The measurement of chlorophyll content can serve as an indicator of the physiological health status of algae (Mo et al. 2022). The Chl A and Chl B can serve as an indicator of the sensitivity of the light-harvesting complex II (LHCII) enzyme system in chloroplasts in response to external factors (Negi et al. 2020). A modification in chlorophyll production signifies a change in the stoichiometric balance between the reaction center complexes of both photosystems and the light-collecting complex of photosystem II (Arrojo et al. 2022). In this study, photosynthetic pigment production was reduced considerably for the test groups under UVAR conditions than the VL conditions, which can be attributed to the increased accumulation of ROS in algal cells. This enhanced ROS production can leads to peroxidation and subsequent damage to the stoichiometry of the photosynthetic apparatus (Sachdev et al. 2023). Compared to pristine nTiO2, there was not much reduction in pigment production for the pristine PSMPs. The reduced particle size of nTiO2 can lead to heightened cellular damage, including the internalization of particles and subsequent damage to chloroplasts (Li et al. 2020b). Whereas, PSMPs tend to attach to the cell membrane, inhibiting light penetration and causing comparatively less damage (Fig. S3) (Nava and Leoni 2021). Under UVAR conditions, the mixture of nTiO2 with NH2 PSMPs (10 mg/L) showed more reduction in the photosynthetic pigments than nTiO2 with COOH PSMPs (10 mg/L) when compared to VL conditions. Similarly, (Zhu et al. 2022) reported the photosynthetic pigments reduction in marine algae Chlorella pyrenoidosa on exposure to nTiO2 under UV-B radiation. These observations are in accordance with the findings of (Khalifeh et al. 2022), where ROS generation affected the pigment production in marine algae Chlorella sorokiniana on exposure to MnO2 nanorods.

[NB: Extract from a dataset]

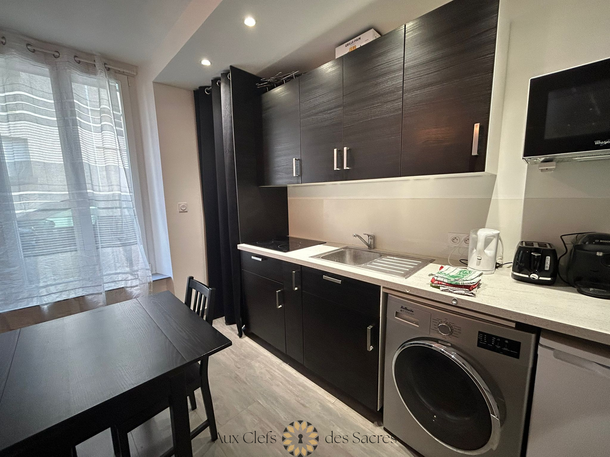 L'appartement se compose d'une pièce de vie lumineuse, agréablement aménagée, intégrant un espace nuit et un coin salon. La cuisine équipée permet une installation immédiate et un usage quotidien pratique. Vous bénéficierez également d'une salle d'eau indépendante ainsi que de WC séparés, un véritable atout pour le confort au quotidien.

Similarly, (Zhu et al. 2022) reported a decline in photosynthetic pigment production in marine algae C. pyrenoidosa on exposure to nTiO2 under UV-B radiation.
Carotenoids play a substantial role in the overall antioxidant potential of microalgae as they are vital components of the non-enzymatic defense system. They effectively neutralize radicals, acting as potent quenchers, thus averting free radical reactions (Sirohi et al. 2022). Algal cells utilize carotenoids to effectively counteract and eliminate ROS (Maltsev et al. 2021; Song et al. 2023). However, it is evident from our results that for the mixture, nTiO2 + PSMPs (10 mg/L) carotenoid production drastically reduced, mainly under UVAR conditions. This implies that the algal cells may experience a reduction in the ability to effectively counteract the impact of free radicals, which can be indirectly associated with decreased activity of antioxidant enzymes and exacerbated oxidative damage. The effect of different light conditions on the combined toxic effects of nTiO2 and MPs towards Chlorella sp, as well as their underlying mode of action, are concisely summarized using a schematic diagram (Fig. 8).